(SUPPLIED MATERIAL):

= = =

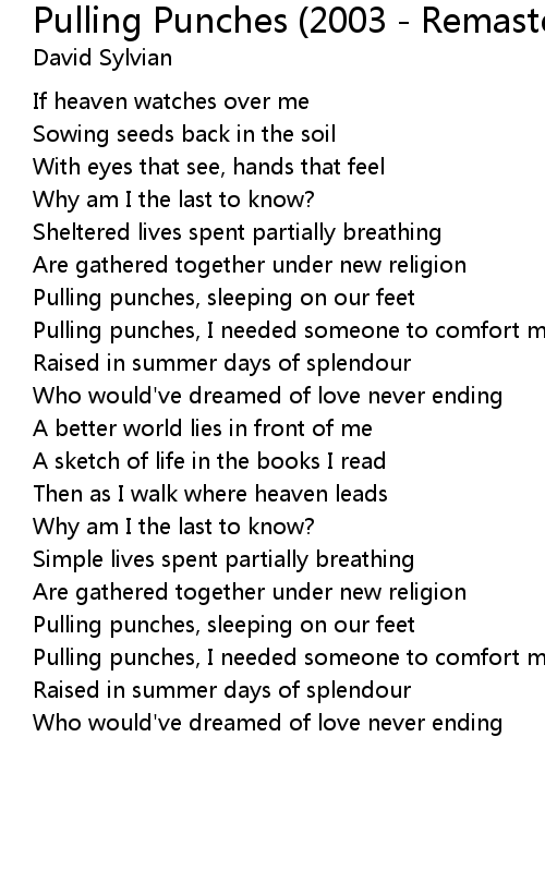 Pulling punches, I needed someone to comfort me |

= = =

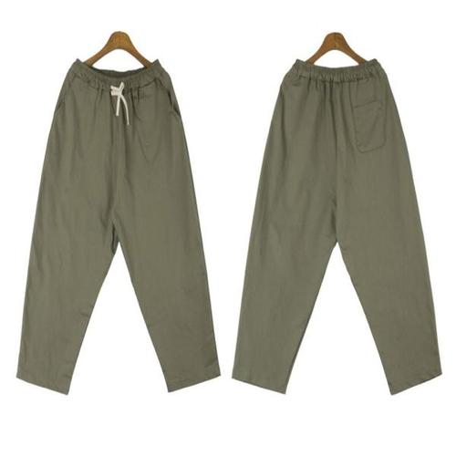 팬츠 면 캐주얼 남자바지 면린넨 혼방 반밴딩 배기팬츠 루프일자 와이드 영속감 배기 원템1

= = =

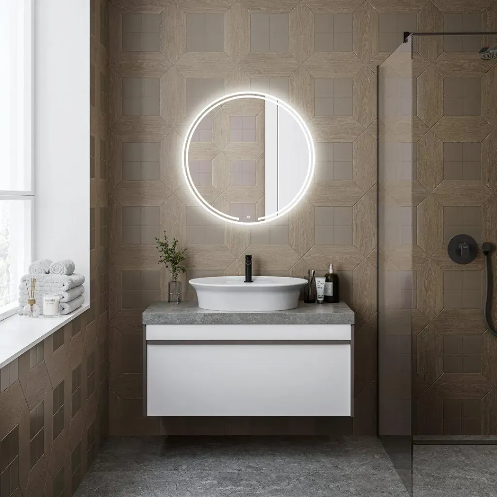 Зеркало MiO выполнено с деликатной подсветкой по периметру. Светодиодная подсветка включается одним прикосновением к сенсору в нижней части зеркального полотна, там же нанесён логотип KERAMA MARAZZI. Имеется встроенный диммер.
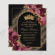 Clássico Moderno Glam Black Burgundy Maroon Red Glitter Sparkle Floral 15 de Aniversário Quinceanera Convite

= = =

(INSTRUCTIONS FOR THE TASK): Leaving each picture behind, please give again exactly the lines above from the one with "Зеркало MiO выполнено" through the one with "Clássico Moderno Glam", both included, and no others.

(SOLUTION):
 Зеркало MiO выполнено с деликатной подсветкой по периметру. Светодиодная подсветка включается одним прикосновением к сенсору в нижней части зеркального полотна, там же нанесён логотип KERAMA MARAZZI. Имеется встроенный диммер.
 Clássico Moderno Glam Black Burgundy Maroon Red Glitter Sparkle Floral 15 de Aniversário Quinceanera Convite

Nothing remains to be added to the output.